Main variables of interest
rSIG, in-hospital mortality, TBI.
Results
Our meta-analysis evaluated a total of eight observational studies encompassing 430,000 patients with TBI, observing 6,417 deaths (15%). After performing a sensitivity analysis, we found that patients with TBI and a low value of the reverse shock index multiplied by the Glasgow Coma Scale (rSIG) had a 24% higher risk of death (OR 1.24; 95% CI 1.12–1.38; I²: 96%). Furthermore, rSIG values were significantly higher in survivors compared to those who died (MD 7.72; 95% CI 1.86–13.58; I²: 99%).
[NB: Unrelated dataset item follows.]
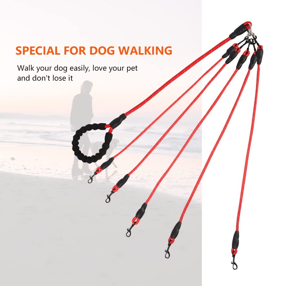 Five Dog Leash,Comfortable 5 Dog Leash With Reflective,360 Swivel No Tangle Five Dog Training Leash,For Large Medium Small Dogs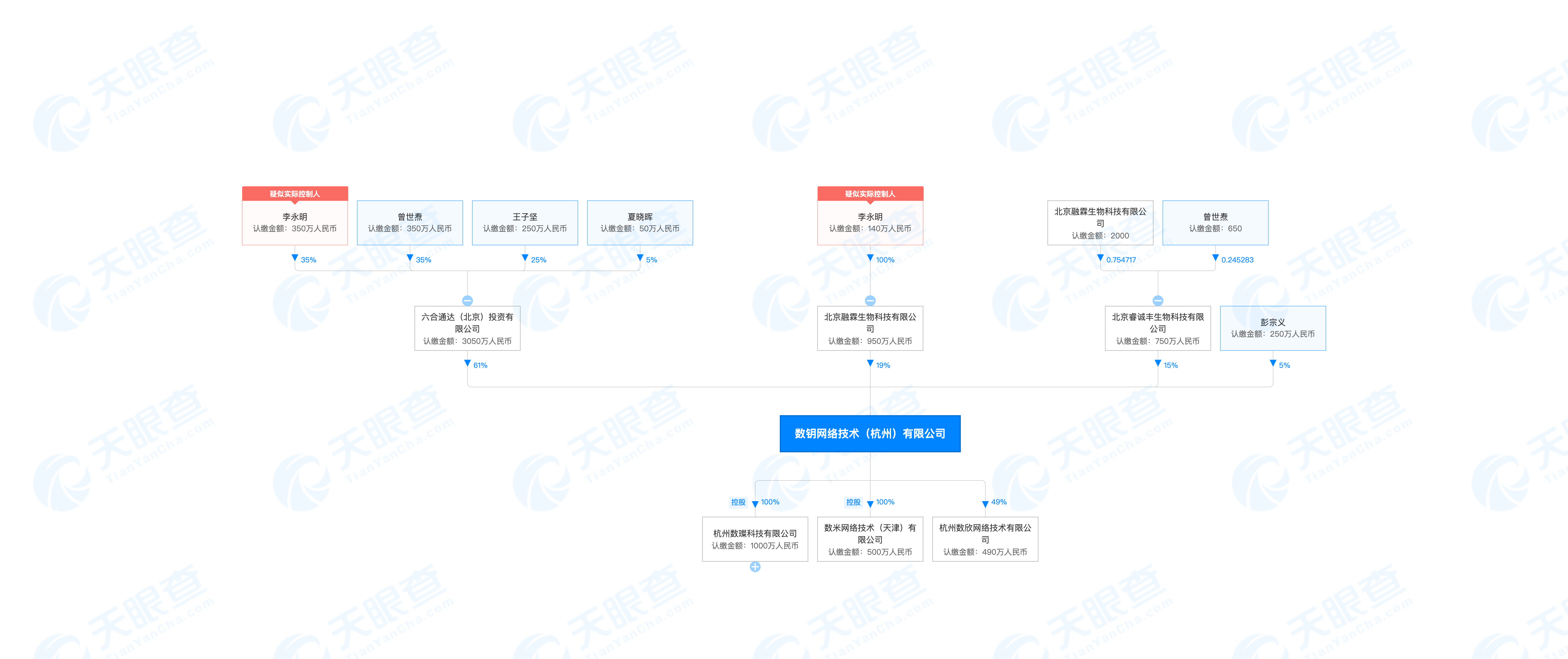 据天眼查信息显示,数钥科技成立于2019年8月,股东包括六合通达(北京)投资有限公司、北京融霖生物科技有限公司、北京睿诚丰生物科技有限公司等。穿透股权可知,李永明为数钥网络的实际控制人。

目的:确定逆休克指数乘以格拉斯哥昏迷量表(rSIG)是否可以预测外伤性脑损伤(TBI)患者的住院死亡率。设计:这是一项系统回顾和荟萃分析。设置:使用PECO策略,在五个数据库中对截至2024年5月22日发表的研究进行了全面检索。8项研究被确定用于定量分析,并纳入我们的荟萃分析。参与者:纳入的主要研究的参与者。干预措施:低rSIG患者作为TBI住院死亡率的预测因子。主要感兴趣的变量:rSIG,住院死亡率,TBI。结果:我们的荟萃分析共评估了8项观察性研究,包括430,000例TBI患者,观察到6,417例死亡(15%)。在进行敏感性分析后,我们发现,与格拉斯哥昏迷量表(rSIG)相比,逆行休克指数较低的TBI患者的死亡风险高出24% (OR 1.24;95% ci 1.12-1.38;我²:96%)。此外,幸存者的rSIG值明显高于死亡患者(MD 7.72;95% ci 1.86-13.58;我²:99%)。